INFORMATION SHOWN =
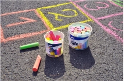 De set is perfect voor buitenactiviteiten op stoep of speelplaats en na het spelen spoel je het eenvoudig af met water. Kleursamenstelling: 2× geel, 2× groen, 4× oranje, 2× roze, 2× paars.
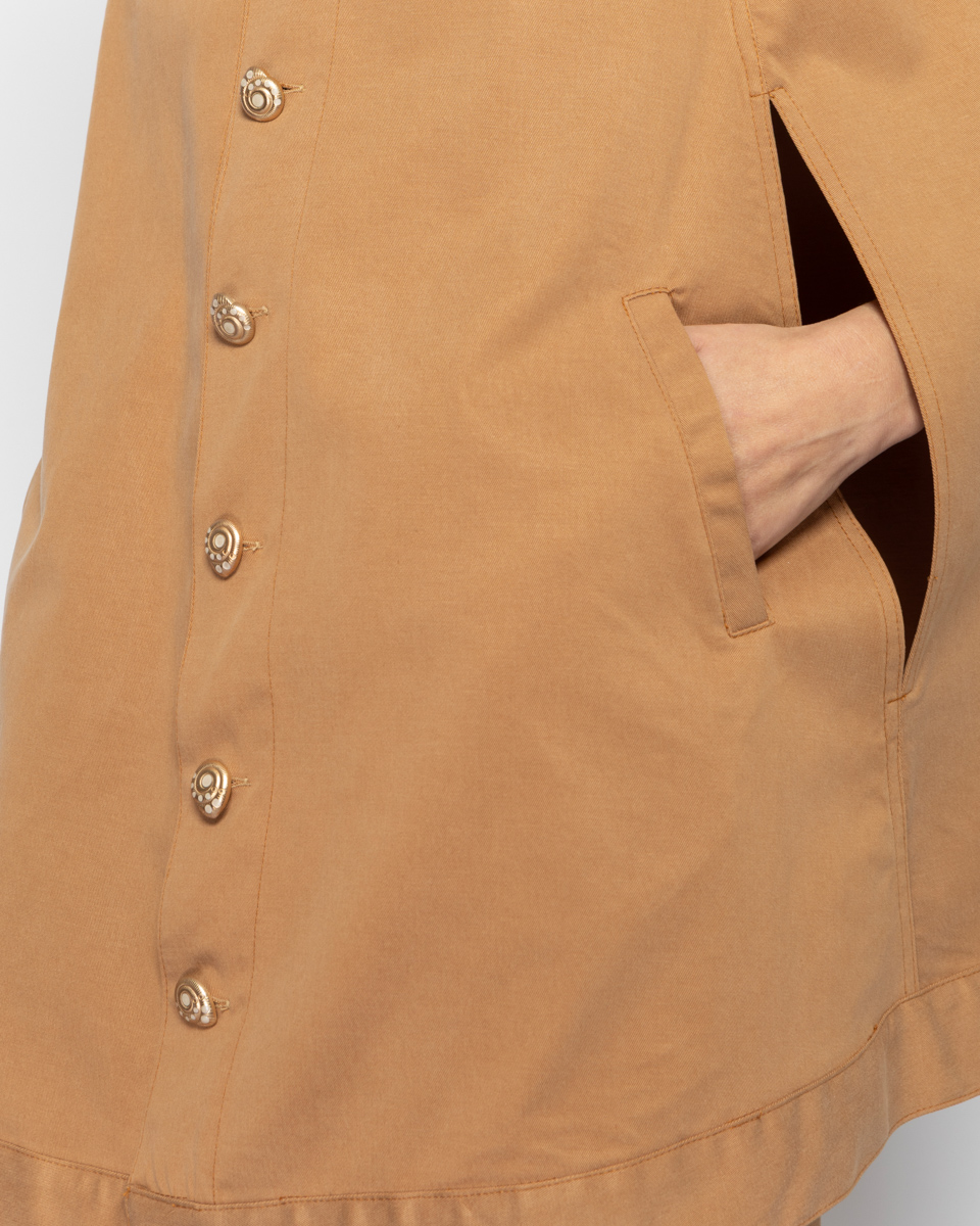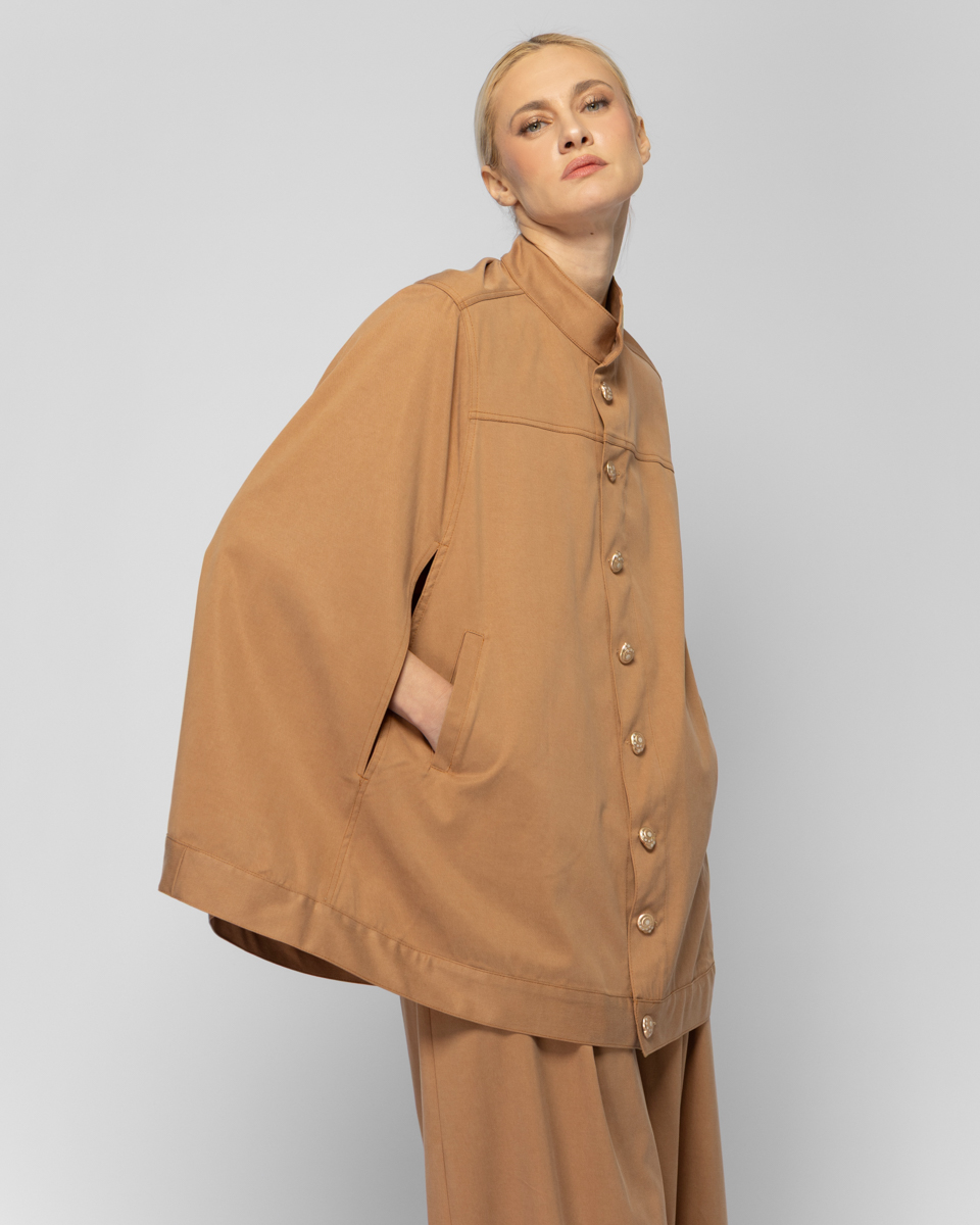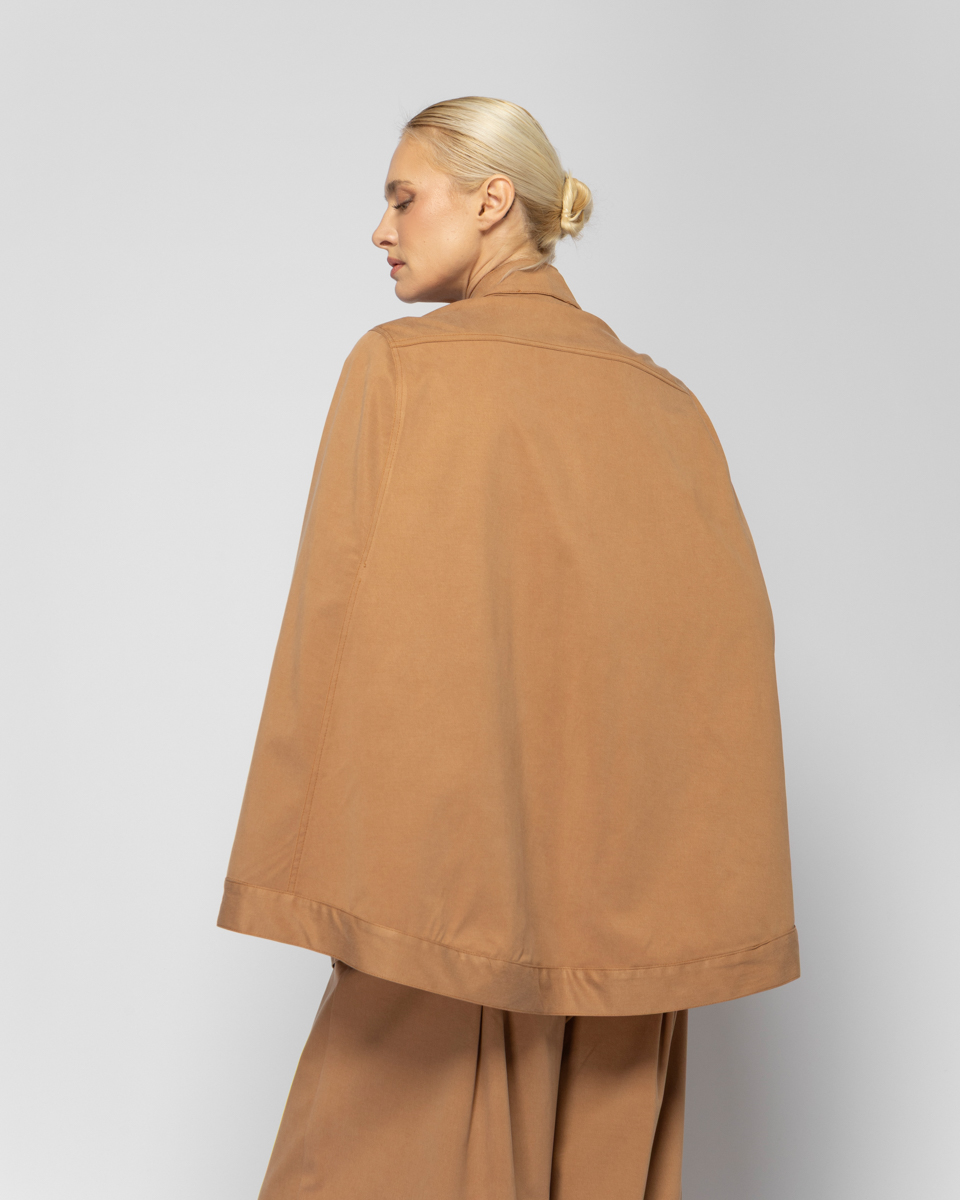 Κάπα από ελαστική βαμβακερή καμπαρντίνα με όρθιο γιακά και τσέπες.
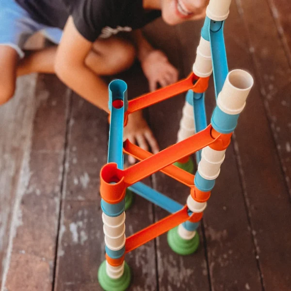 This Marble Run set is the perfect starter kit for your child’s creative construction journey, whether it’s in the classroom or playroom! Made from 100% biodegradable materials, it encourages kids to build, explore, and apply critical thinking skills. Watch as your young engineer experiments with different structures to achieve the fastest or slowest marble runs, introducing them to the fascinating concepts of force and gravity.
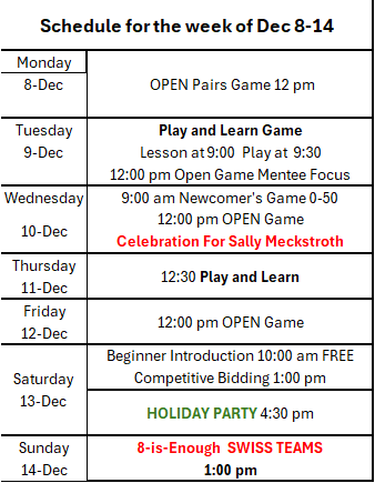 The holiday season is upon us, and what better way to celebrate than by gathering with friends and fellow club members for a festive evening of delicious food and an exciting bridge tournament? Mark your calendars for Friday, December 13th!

WHAT THIS TASK INVOLVES =
Please retype the listing exactly, leaving out any images.

SOLUTION FOR THIS PROBLEM =
 De set is perfect voor buitenactiviteiten op stoep of speelplaats en na het spelen spoel je het eenvoudig af met water. Kleursamenstelling: 2× geel, 2× groen, 4× oranje, 2× roze, 2× paars.
 Κάπα από ελαστική βαμβακερή καμπαρντίνα με όρθιο γιακά και τσέπες.
 This Marble Run set is the perfect starter kit for your child’s creative construction journey, whether it’s in the classroom or playroom! Made from 100% biodegradable materials, it encourages kids to build, explore, and apply critical thinking skills. Watch as your young engineer experiments with different structures to achieve the fastest or slowest marble runs, introducing them to the fascinating concepts of force and gravity.
 The holiday season is upon us, and what better way to celebrate than by gathering with friends and fellow club members for a festive evening of delicious food and an exciting bridge tournament? Mark your calendars for Friday, December 13th!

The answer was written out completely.